Lean PCOS: Challenges in diagnosis and management

Updated on Sep 12, 2021 04:31 PM IST  |  34.4K
Lean PCOS: Challenges in diagnosis and management

The most common complications of Polycystic ovarian syndrome (PCOS) include infertility, pregnancy complications, increased risk of diabetes and heart diseases, depression, sleep disturbances, endometrial cancer, etc.


Signs and Symptoms of PCOS


Irregular periods, lack of or delayed ovulation, elevated levels of androgen (male hormone) that may result in excess facial or body hair growth or even loss of hair or baldness, acne, and enlarged ovaries with multiple cysts are some common signs and symptoms of PCOS in both overweight and obese as well as lean women. Comparatively leaner women may or may not necessarily show these symptoms.



Challenges of Management in Lean PCOS


● Delayed diagnosis of PCOS. Leaner girls may or may not show symptoms of PCOS and hence do not consider visiting their gynaecologist compared to their overweight or obese counterparts — who are screened for PCOS as early as in their teenage years — mostly due to irregular menstrual cycles. Leaner women are usually screened for PCOS only when they face problems in periods or in conception during their adult life.


● Delay in the treatment of PCOS. Delayed diagnosis leads to delayed treatment causing consequences like endocrine, metabolic, psychiatric complications.


● Delay in the diagnosis adversely affects the endocrine and metabolic health.
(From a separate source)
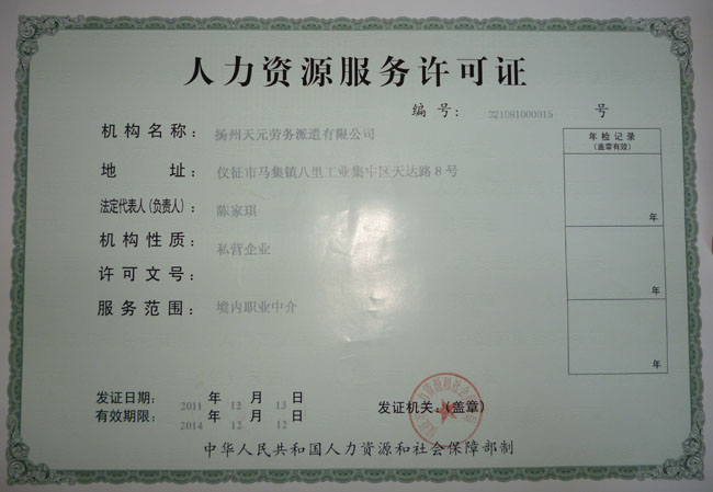 2011年12月13日,由公司注資成立的揚(yáng)州天元?jiǎng)趧?wù)派遣有限公司順利取得了儀征市人力資源和社會(huì)保障局頒發(fā)的《人力資源服務(wù)許可證》,該許可證的取得,標(biāo)志著該公司已完全具備從事境內(nèi)職業(yè)中介服務(wù)資格。

The presence of insulin resistance and hyperinsulinemia increases their tendency to develop comorbidities like diabetes, hypertension, dyslipidaemia, cardiovascular diseases, etc.


● Women with lean PCOS are more likely to suffer from many mental health issues like depression, bipolar disorder, anxiety, and binge eating silently due to a lack of timely diagnosis and management.




Diagnosis is based on your symptoms. After taking your complete medical history, your doctor may order tests like:


● A pelvic exam. Your abdomen is palpated for the presence of growths, or masses in your reproductive organs.

● Blood investigations. Your blood sample may be drawn to measure hormone levels, glucose tolerance, fasting cholesterol and triglyceride levels.


● An ultrasound to check the appearance of your ovaries and the thickness of the lining of your uterus.


After confirming PCOS you will be regularly screened for blood pressure, glucose tolerance, cholesterol and triglyceride levels, obstructive sleep apnoea, depression, and anxiety.



There is no definitive prevention for PCOS. However, by following these simple steps it can be effectively managed.



● Maintain body weight. Maintaining a healthy weight is the first-line treatment for PCOS as it improves menstrual irregularities, symptoms of hyperandrogenism (high levels of androgens) and infertility. Following a healthy lifestyle, including consumption of fruits and vegetables as well as regular physical activity is advocated as it helps maintain ideal body weight or normal BMI and improve insulin sensitivity.


Get insulin and glucose levels checked periodically for understanding your risk of insulin resistance. Take your medicine regularly. Your doctor may prescribe medications to regularize your menstrual cycle, and ovulation, to improve insulin resistance, restore normal hormonal levels, etc. 


Medication can offer relief from signs and symptoms of PCOS and increases your chances of a successful pregnancy. Reach out for emotional support. Do not hesitate to seek professional help or support from friends and family if you experience depression and anxiety. It is common in PCOS and can be overwhelming.




One in five women with PCOS has a healthy BMI. In India, most doctors and patients associate PCOS as the consequence of being overweight or obese. Lean PCOS are most likely to miss timely diagnosis and management due to lack of awareness. Timely diagnosis and management of PCOS are of paramount importance to address the symptoms and prevent future endocrine, metabolic, psychiatric, and cardiovascular complications.